Open clintg6 opened 11 months ago
AFAIK we didn't test AMD GPU, it is supported by XLA:GPU but we might need a separate build or something. @vanbasten23 should have more info.
Seems like it could since it's listed as a deviceType in device.h. However, when I look into the XLA:GPU guide I only see a mention of CUDA. Similarly, I don't see a ROCm wheel or docker image in the official list.
Jack is right.

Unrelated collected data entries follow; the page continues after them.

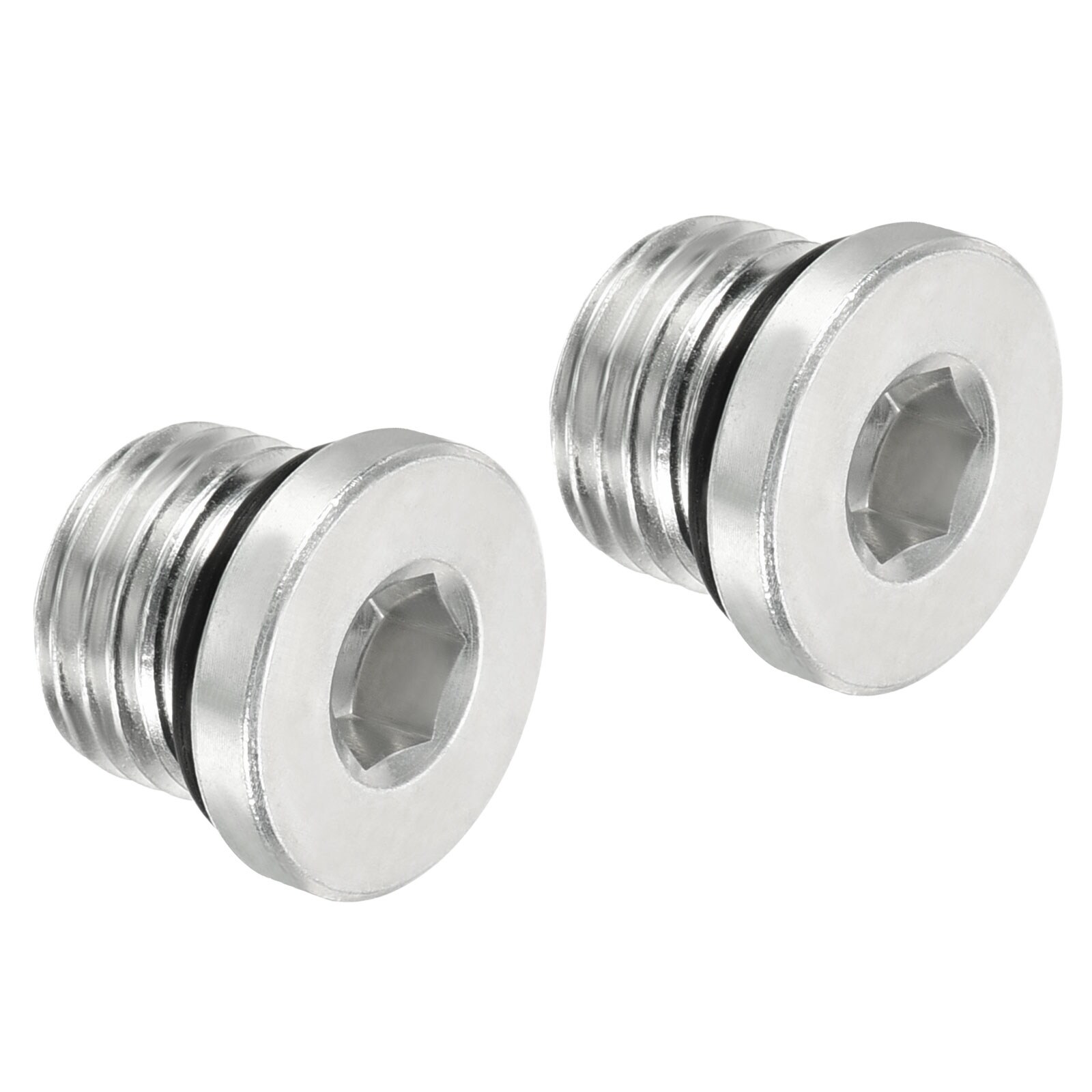 M10*1.25 Hex Head Pipe Fitting Plug, 2 Pack Male Thread 45# Steel Plug - Silver Tone
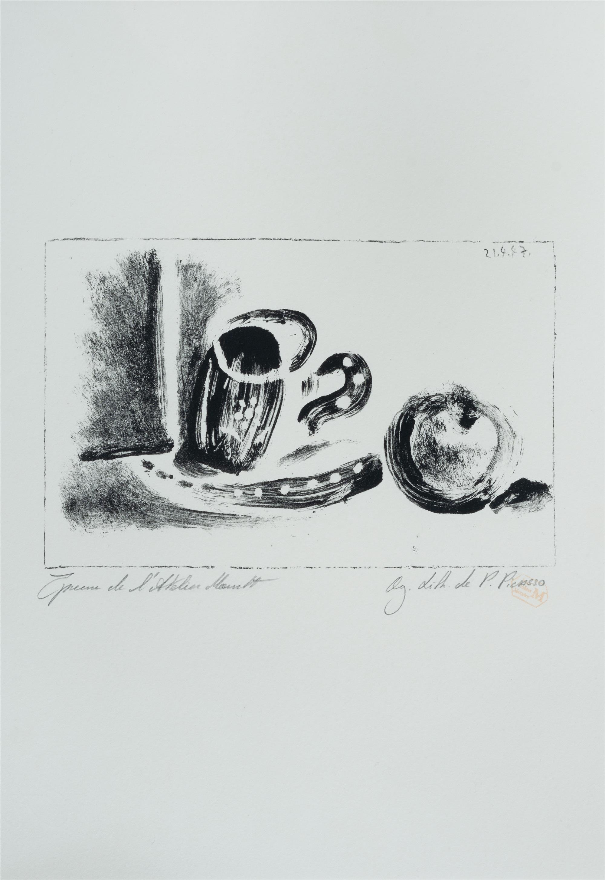 After PICASSO, Pablo (Spanish 1881-1973) La Tasse et la Pomme (The Cup and the Apple), 1947. Unsigned. Accompanied by certificate of authenticity, signed by Eric F. Mourlot, Paris, dated 26th August 2015 (provenance #5093) Lithograph P/P 16x24.5cm (image) 43x30cm (sight)
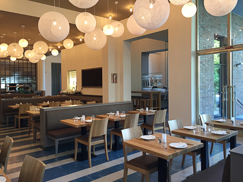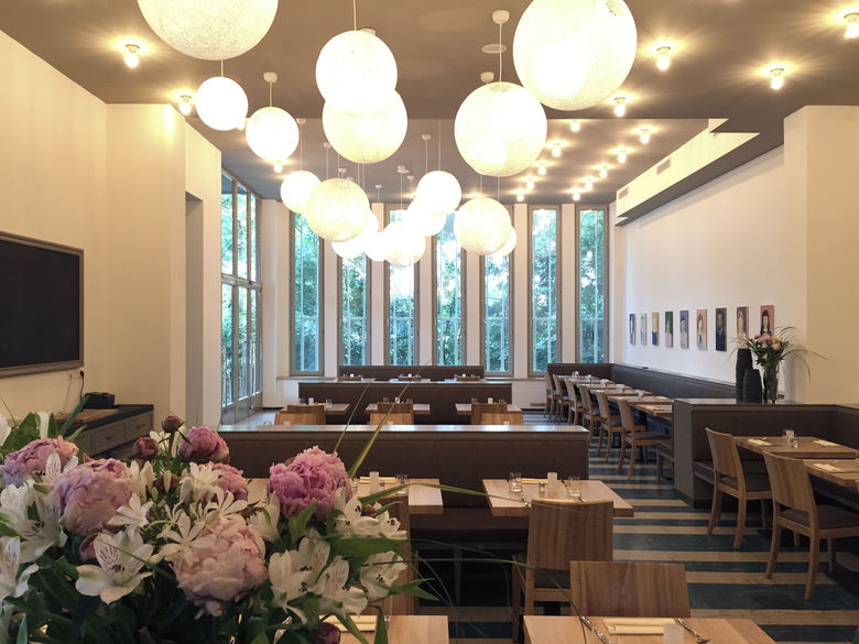 Versetzen der Küche I Beleben der Schaufassade (Nord-Ost) | Die ehemalige Küche wurde in den hinteren Restaurantbereich (Querriegel hinter Empfang, rechte Seite) verlegt. Durch die zentrale Lage im Gebäude können die Küchenabläufe hierdurch optimiert werden. Des Weiteren wird durch die Umnutzung der ehemaligen Küche zu einem Gastraum ein qualitativ hochwertiger Raum mit direktem Tageslicht und leicht separierter Lage geschaffen. Hierdurch wird das Gebäude auch von aussen für vorbeilaufende Passanten belebt, da diese von Aussen einen Blick in das Gebäudeinnere werfen können.
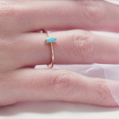 This solitaire ring features a sleek baguette-cut turquoise, set in a minimalist 2-prong setting on a delicate 14k gold band.

Afaict, we never test AMD GPU at this point. And we need a special build for rocm. (currently we only support XLA_CUDA=1 flag)

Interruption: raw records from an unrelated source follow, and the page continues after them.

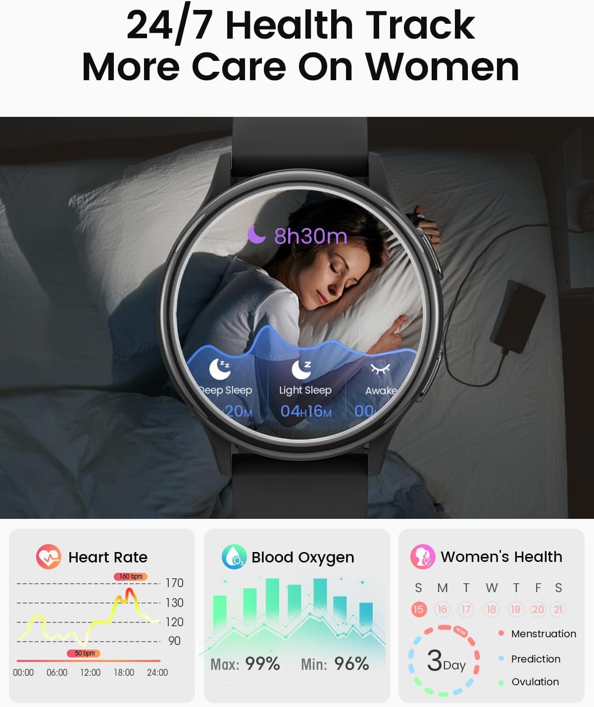 【24/7 Health Monitoring & Personalized Women’s Care】: Smart watches for women is your personal wellness companion, beautifully designed for women. With a cutting-edge AI smart chip, it tracks your health around the clock—monitoring your sleep, heart rate, calorie burn, and blood oxygen levels. It goes further with dedicated women’s health reminders, from menstrual cycle tracking to ovulation and pregnancy monitoring, ensuring that you receive the most thoughtful care every day.
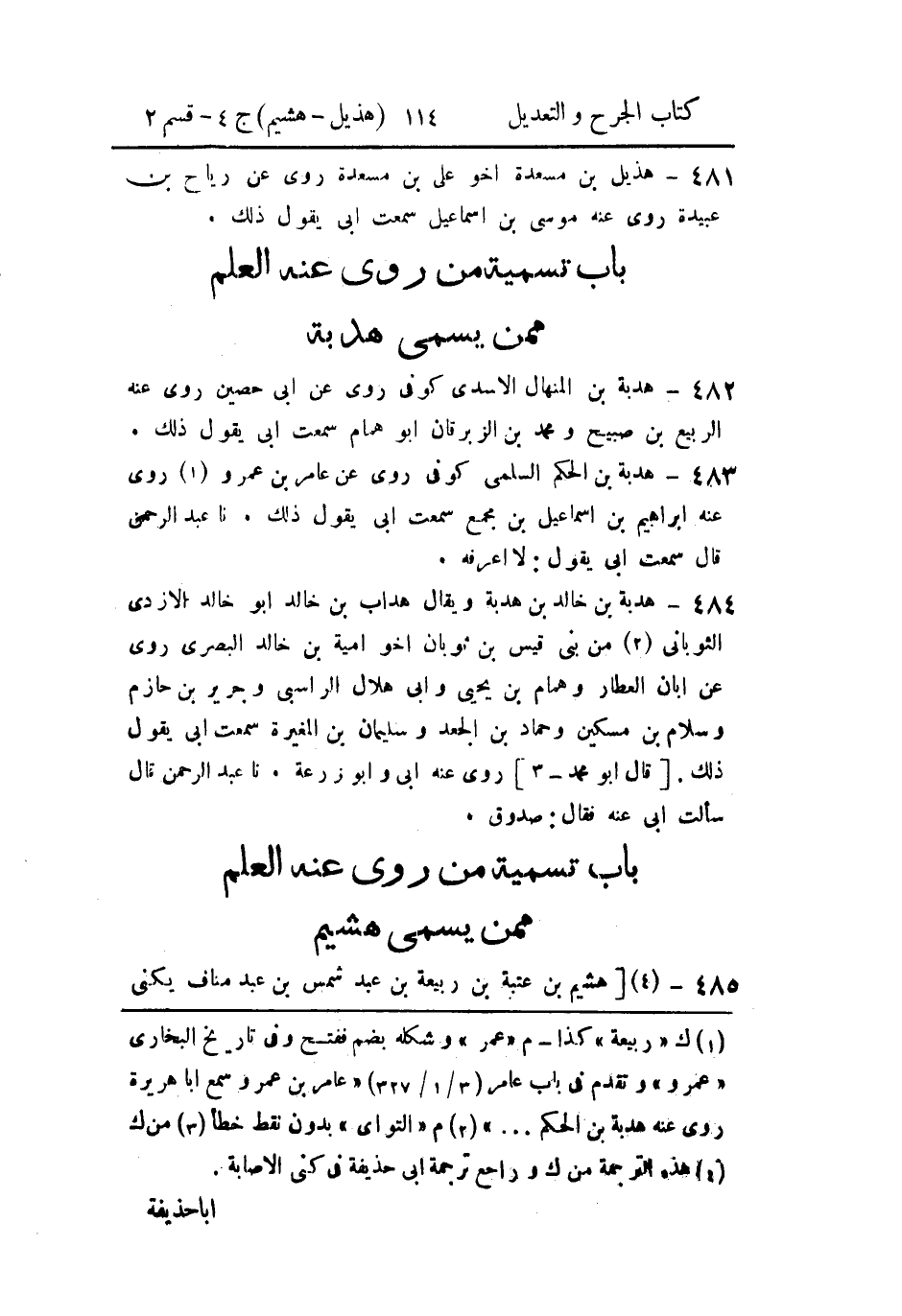 - باب تسمية من رُوي عنه العلم، مِمَّن يُسَمَّى هدبة.
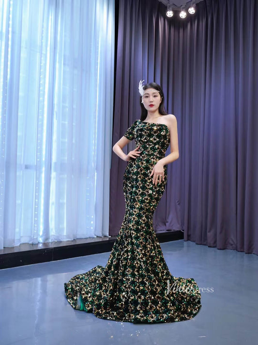 Green Sequin Mermaid Prom Dress One Shoulder Sleeve Evening Dress 67476
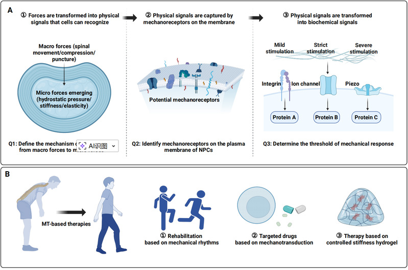 最后,在文章的展望部分,作者进一步从力学生物学视角对椎间盘退变中的机械信号转导过程进行了系统概括,将其概括为三个相互衔接的阶段,并分别对应当前椎间盘生物力学领域亟待解决的关键科学问题。第一阶段关注宏观力学负荷如何转化为髓核微环境中的微观机械刺激,即脊柱运动、压缩和弯曲等宏观力学变化,如何通过水分交换、基质重排和力学分布不均,最终作用于细胞层面;第二阶段聚焦髓核细胞对机械信号的感知与转导,重点讨论整合素、机械敏感离子通道及细胞骨架等结构在机械信号捕获与放大中的作用机制;第三阶段则指向细胞内信号网络如何将机械刺激转化为稳定或病理性的生物学响应,包括基因转录调控、代谢重编程等。基于这三个阶段框架,文章进一步提出了针对性的干预思路,包括通过优化力学节律的康复训练调控宏观负荷,通过靶向机械感受分子干预信号转导,以及利用具备可调力学性能的生物材料重塑局部微环境。该理论框架为理解椎间盘退变的力学本质及发展机制提供了清晰路径,也为机制导向的精准干预策略奠定了基础。
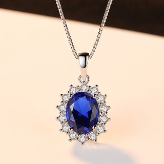 Dây Chuyền Bạc Nữ Cao Cấp Thiết Kế Hình Bông Hoa Đính Đá Màu Xanh Dương Dành Riêng Cho Nữ DB2413 - Bảo Ngọc Jewelry
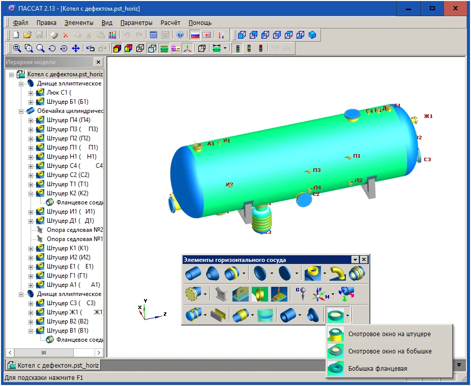 Программа ПАССАТ предназначена для расчета прочности и устойчивости сосудов, аппаратов и их элементов с целью оценки несущей способности в рабочих условиях, а также в условиях испытаний и монтажа.

@vanbasten2 What would we need to do build it? Is there anything I can do to facilitate it?
For cuda build, we built torch_xla such as XLA_CUDA=1 python setup.py install
and it adds --config=cuda
https://github.com/pytorch/xla/blob/64d5807b9b6399522081a725b438b8276b7d7aa2/setup.py#L285 when it build openXLA.

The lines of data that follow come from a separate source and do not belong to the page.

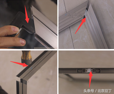 四角拼接好后,借助锤子将边角敲进框内,要做到尖点对尖点,避免错位发生导致飘窗高低不平。接着在纱窗最底部距离两边差不多3cm的样子卡进一个滑轮,方便飘窗使用。
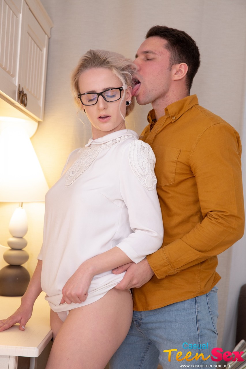 المراهقة الجامعية الشقراء النرجسية هانا ري تفتح ساقيها الصغيرتين للقضيب الضخم بنظارتها وجواربها وفستانها. زوج هاوي ينيك كسها الضيق بثديين طبيعيين، ملابس داخلية تحت التنورة وتقبيل شغوف.
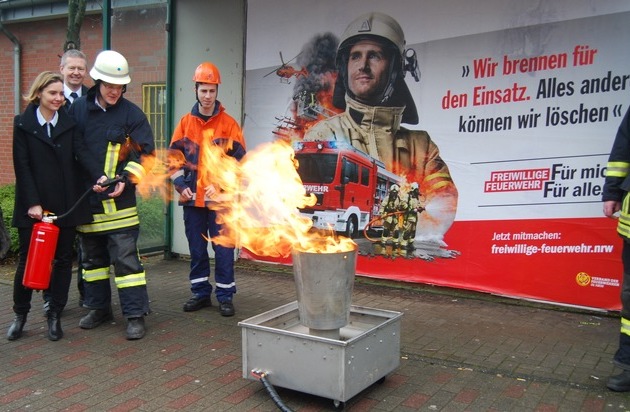 "Für mich, für alle" ist daher nur folgerichtig der Slogan, mit dem das Land und der Verband der Feuerwehren jetzt für die Arbeit der Einheiten werben. Über den Startschuss der Kampagne in Haan freut sich auch Bürgermeisterin Dr. Bettina Warnecke, die an einem der Großplakate die neue Feuerlöschübungsanlage testete, mit der die Feuerwehr Haan Brandschutzaufklärung in der Bevölkerung leistet. "Die Kampagne zeigt, wie vielfältig und spannend die Aufgaben in der Freiwilligen Feuerwehr heutzutage sind. Hier sind die unterschiedlichsten Talente gefragt. Jeder ist herzlich eingeladen, die tolle Gemeinschaft der Haaner Feuerwehr einmal unverbindlich kennenzulernen", sagte die Bürgermeisterin.

So similarly for rocm, I would imagine we need a new flag in torch_xla such as XLA_ROCM
. When set, it should set --config=rocm and pass it to openXLA.
I test this and report back thanks!
Thanks for offering your contribution @clintg6
I created a torch_xla_rocm_plugin
similar to the cuda plugin and compile it using --config=rocm
. The program can find the ROCM xla devices. Tensors can be placed to the ROCM xla device.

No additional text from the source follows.